▸ Material shown:
[Start of section]

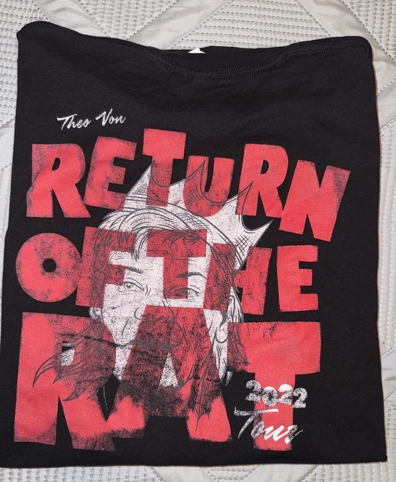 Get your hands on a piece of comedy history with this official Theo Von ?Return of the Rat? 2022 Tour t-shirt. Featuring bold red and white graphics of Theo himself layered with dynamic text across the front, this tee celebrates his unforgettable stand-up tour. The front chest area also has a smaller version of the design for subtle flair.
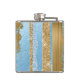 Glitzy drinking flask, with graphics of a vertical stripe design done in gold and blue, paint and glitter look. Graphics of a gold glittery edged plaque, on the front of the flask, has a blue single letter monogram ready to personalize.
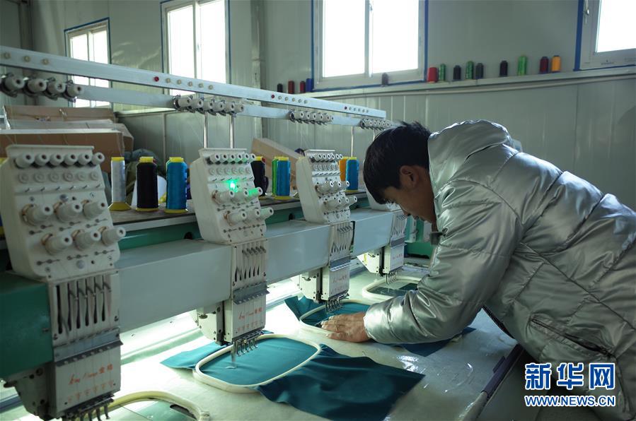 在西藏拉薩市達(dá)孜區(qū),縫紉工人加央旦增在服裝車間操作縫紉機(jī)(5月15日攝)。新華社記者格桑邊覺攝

[End of section]
[Start of section]

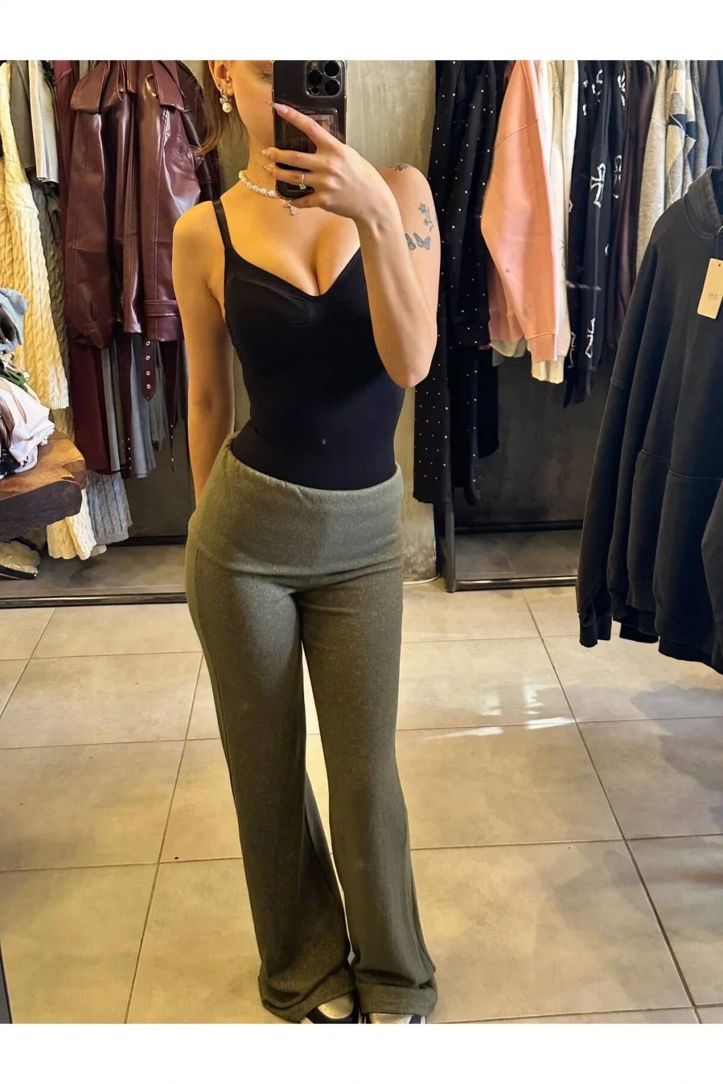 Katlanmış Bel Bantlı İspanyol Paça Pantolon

[End of section]

▸ Work task: Return, exactly as they stand, the lines above from the one with "Glitzy drinking flask, with" to the one with "在西藏拉薩市達(dá)孜區(qū),縫紉", omitting any pictures among them.

▸ Exercise result:
 Glitzy drinking flask, with graphics of a vertical stripe design done in gold and blue, paint and glitter look. Graphics of a gold glittery edged plaque, on the front of the flask, has a blue single letter monogram ready to personalize.
 在西藏拉薩市達(dá)孜區(qū),縫紉工人加央旦增在服裝車間操作縫紉機(jī)(5月15日攝)。新華社記者格桑邊覺攝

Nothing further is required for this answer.